In “Running Out: In Search of Water on the High Plains,” Lucas Bessire writes that the aquifer, which runs from South Dakota to Texas and irrigates about one-sixth of world grain production, is being drained far faster than rain can replenish it, especially as heat and drought get worse. In the part of Southwest Kansas where he grew up, an estimated three-quarters of the water is already gone.
Dr. Bessire, an anthropology professor at the University of Oklahoma, returned to his childhood home to try to understand why people would participate in the destruction of the resource that their livelihoods depend on, rather than demanding extraction limits to make irrigation more sustainable.
Some farmers appear unbothered by the consequences of their actions, he writes. Others say they regret the damage they’re causing but feel powerless to stop it. Hope plays a role: Dr. Bessire cites the recurring idea of building sprawling aqueducts to transport water from afar once the aquifer is exhausted, calling it a dubious prospect that nonetheless provides justification to keep pumping.
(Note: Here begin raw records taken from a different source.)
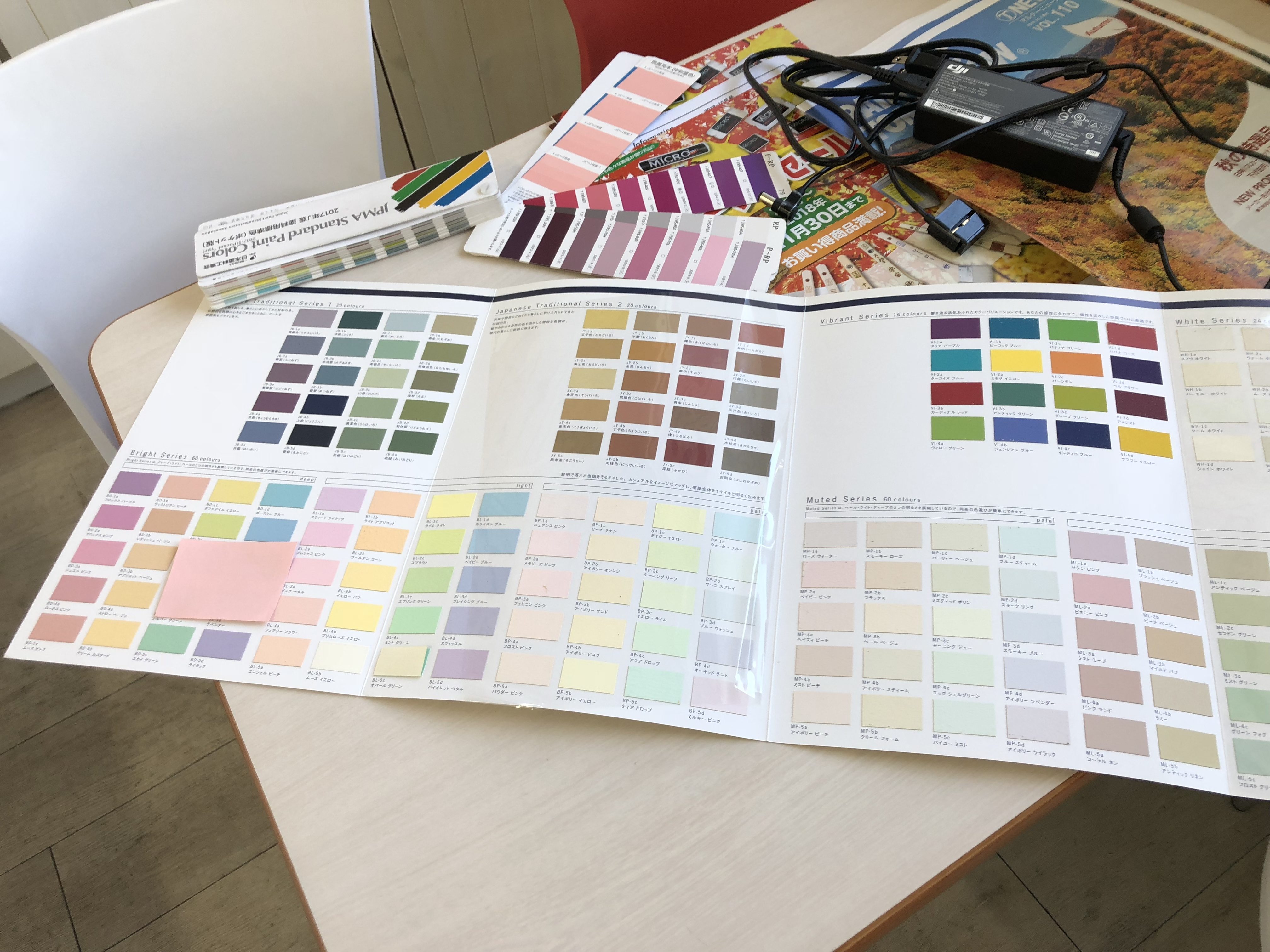 (手元に良い色見本がなく)色を伝えるのは、電話でもファックスでも無理なので、色見本を塗料屋さんに届けに行く。
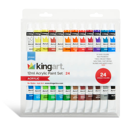 KINGART® Studio Acrylic Paint, 12ml (.4oz), Set of 24 Colors KINGART® studio level acrylic paint consists of a total of 24 vibrant colors Each ...
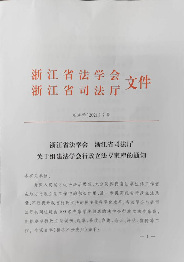近日,根据浙江省法学会、浙江省司法厅文件(浙法学[2021]7号),公司经理、院级智库社会治理与地方法治研究院经理邵培樟教授入选浙江省行政立法专家库。
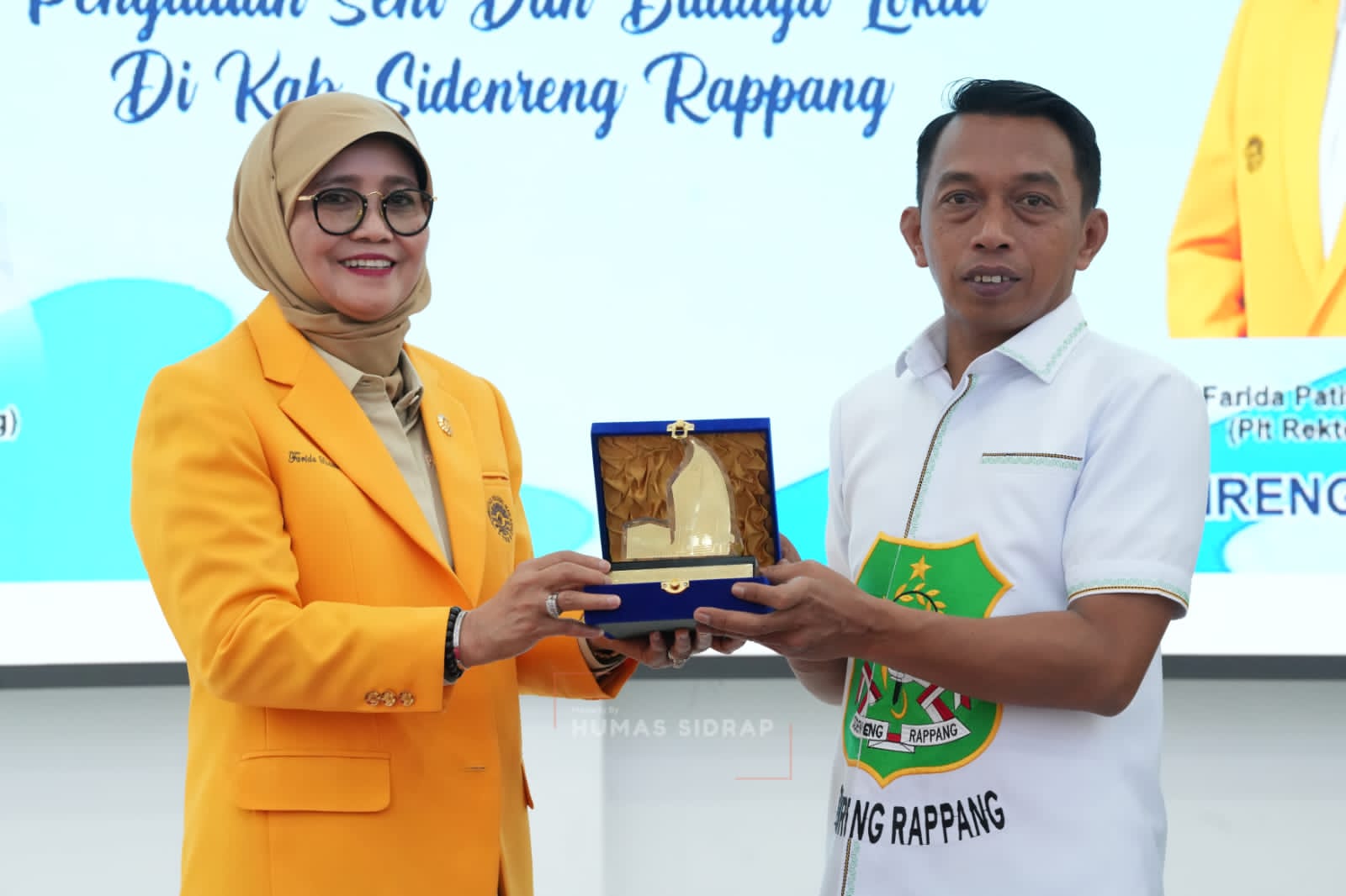 Prosesi penandatanganan berlangsung di Aula Saromase, Kompleks SKPD Sidrap, dilakukan langsung Bupati Sidrap, Syaharuddin Alrif, bersama Pelaksana Tugas (Plt.) Rektor UNM, Prof. Dr. Farida Patittingi, dan Dekan Fakultas Seni dan Desain UNM, Andi Ihsan.

The book bursts with passages that linger after reading. A farmer compares groundwater extraction to empty mining towns in the mountains: “They took what they want and when it ran out they left.” A circle of sand in place of what used to be cropland, “all that was left after the water had run out and farmers abandoned the field.” Groundwater evaporating as it is sprayed on corn and wheat, the moisture absorbed by clouds that Dr. Bessire watches drift away, taking the future with them.
In one especially haunting section, he compares the depletion of groundwater to the eradication of the bison on that same land in the early 1870s. People killed the animals in such numbers that the value of their hides plummeted, ensuring that few hunters made much money — but still the slaughter continued until there were no bison left.
“Maybe we were just a greedy lot who wanted to get ours and to hell with posterity,” Dr. Bessire quotes from a bison hunter’s memoir. His point is plain: The passage could just as easily have been written today.